Читаем Язычник [litres] полностью

Днем Денис Григорьевич увидел боцмана, спросил, будто только теперь вспомнил:

– А как там Воропаев?

– А что, живет помаленьку… – Боцман был невысок ростом, стар, и все в нем словно понемногу отмирало, но, главное, отмирал интерес к окружающему; только оставался еще какой-то автоматизм в человеке: автоматизм работы, жизни, автоматизм быть добрым и приветливым. Вот спросили его о Воропаеве – он ответил, а интереса к предмету разговора никакого не было.

– Пойдем-ка взглянем, – сказал Денис Григорьевич. Боцман был одним из немногих подчиненных, к кому Денис Григорьевич позволял себе обращаться на «ты».

Они спустились на палубу, боцман повел капитана к низенькой трюмовой надстроечке, в двери которой был иллюминатор, и Денис Григорьевич припал к нему лицом, нос раздавил на стекле, но ничего не смог рассмотреть внутри.

– Открой, Геннадий Ефимыч.

– Одним нельзя, опасно, – сказал боцман и пошел позвать помощников, а Денис Григорьевич, заложив руки за спину, отошел к борту.

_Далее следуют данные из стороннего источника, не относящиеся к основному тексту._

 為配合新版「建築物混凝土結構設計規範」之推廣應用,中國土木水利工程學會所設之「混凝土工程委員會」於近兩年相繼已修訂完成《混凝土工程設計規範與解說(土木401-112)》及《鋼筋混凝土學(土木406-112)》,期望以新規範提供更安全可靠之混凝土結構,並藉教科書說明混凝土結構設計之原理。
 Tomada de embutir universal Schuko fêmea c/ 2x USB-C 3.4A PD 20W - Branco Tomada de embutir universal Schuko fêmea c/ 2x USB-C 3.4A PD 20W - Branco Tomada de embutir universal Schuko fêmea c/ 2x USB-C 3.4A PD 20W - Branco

Он смотрел на выраставшие в море сопки, и ему невольно мечталось, что вот бы плюнуть на все, высадиться на ближайшем берегу, поселиться в деревянной, рубероидом обитой хибаре, завести себе толстую румяную хозяйственную женщину, которая по утрам покрикивала бы на него, выгоняла на берег ставить сети, гнала в сарай кормить кур и поросят, но и самого его обихаживала, готовила бы обеды, водила в баньку, парила веничком, а вечерами, ну да уж… до вечера надо было бы еще доскрести.

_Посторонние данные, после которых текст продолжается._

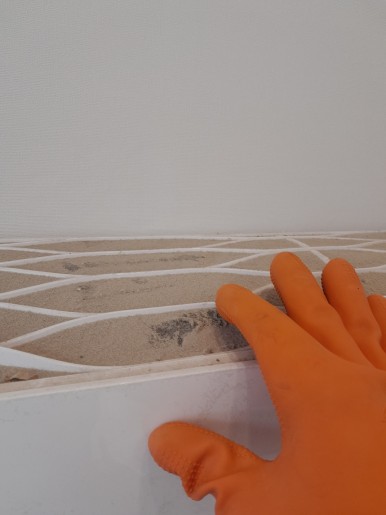 틈새 쌓여 있는 공사 먼지 분진

Боцман привел троих матросов, они встали с сетью возле дверей: на тот случай, если Воропаев вздумает вырываться и его придется вязать. Открыли дверь. В нос сразу ударило тем запахом, который источают общественные туалеты на материковских полустанках. Денис Григорьевич брезгливо пошевелил носом, но все же отстранил боцмана и матросов, заглянул внутрь. Видны были только несколько больших ящиков с бухтами тросов и лежавшие в углу горой под самое перекрытие сети: ненужные, старые, наверное, уже подопревшие снизу. Денис Григорьевич шагнул на ступеньку и тогда только увидел сидевшего в углу Воропаева, но уже как бы и не Воропаева – все лицо одичавшего человека заросло шерстью, сидел он вытянув ноги и рукой черпал что-то из ведра, зажатого между ног, ел, не обращая внимания на вошедших. Денис Григорьевич присмотрелся: черпал он какую-то бурду, свисавшую с подбородка длинными ошметками, – то ли макароны, то ли еще что-то, похожее на тресковые белые кишки. Громко, с хлюпом и причмоком всасывал он эти длинные макароны-кишки.

– Что ему дали? Объедки, что ли? – недовольно спросил Денис Григорьевич.

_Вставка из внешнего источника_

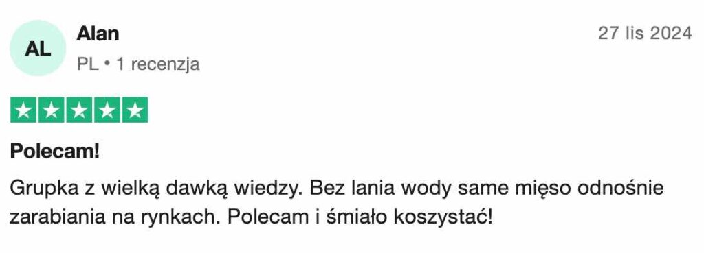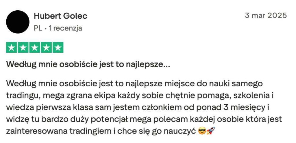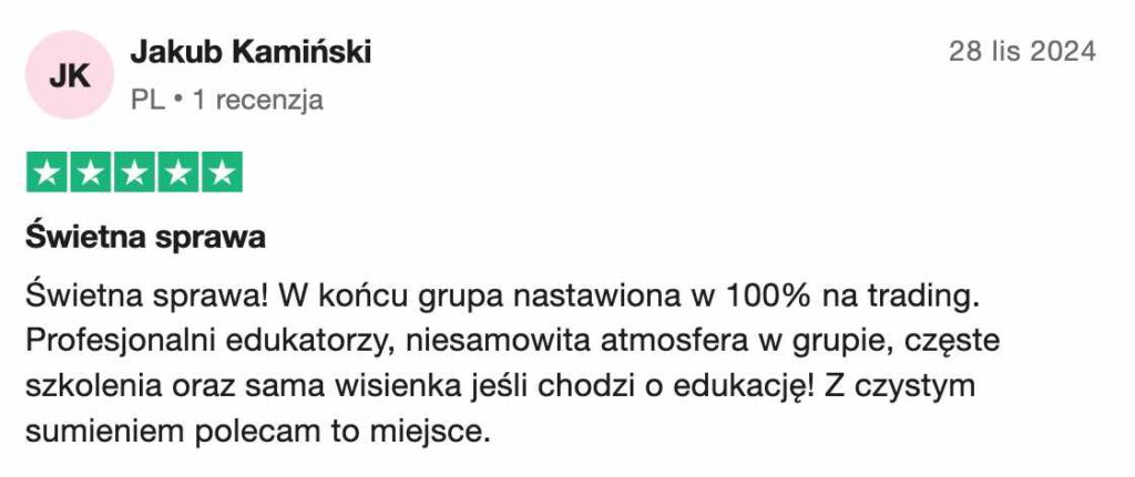 Grupa daje narzędzia i wiedzę, aby zacząć zarabiać na rynku, jednak wyniki zależą od Twojej pracy, zaangażowania i czasu. Trading to umiejętność, która rozwija się z praktyką.

– Да вот дали ребята что-то, у него аппетит такой стал, будь здоров, ведь теперь ведро съедает, а не дать – он буянить начнет. – Боцман вдруг ожил, очеловечился сквозь свою отмирающую оболочку. – Надо бы его в больницу, поскорее на берег свезти или передать на попутное судно, а то он все хуже и хуже делается, совсем свихнулся, бедолага, все углы изгадил…

– Ну, раз ходит в угол, а не под себя, значит, не так уж и свихнулся.

– В угол, – подтвердил боцман, – но это в нем последнее осталось…

Денис Григорьевич подумал и опять возразил:

– Доктор уверял меня, что потерпеть еще можно.

Боцман скривился, ничего не сказал. Денис Григорьевич вздохнул:

– Ничего не поделаешь, придется потерпеть. Ну на какое попутное судно мы его передадим? Сам подумай, кто его к себе на борт возьмет?.. Ну и, ты же понимаешь, Геннадий Ефимыч, мы из-за него сейчас не можем крюк делать. Вот сдадим продукцию… Как-нибудь до дома довезем.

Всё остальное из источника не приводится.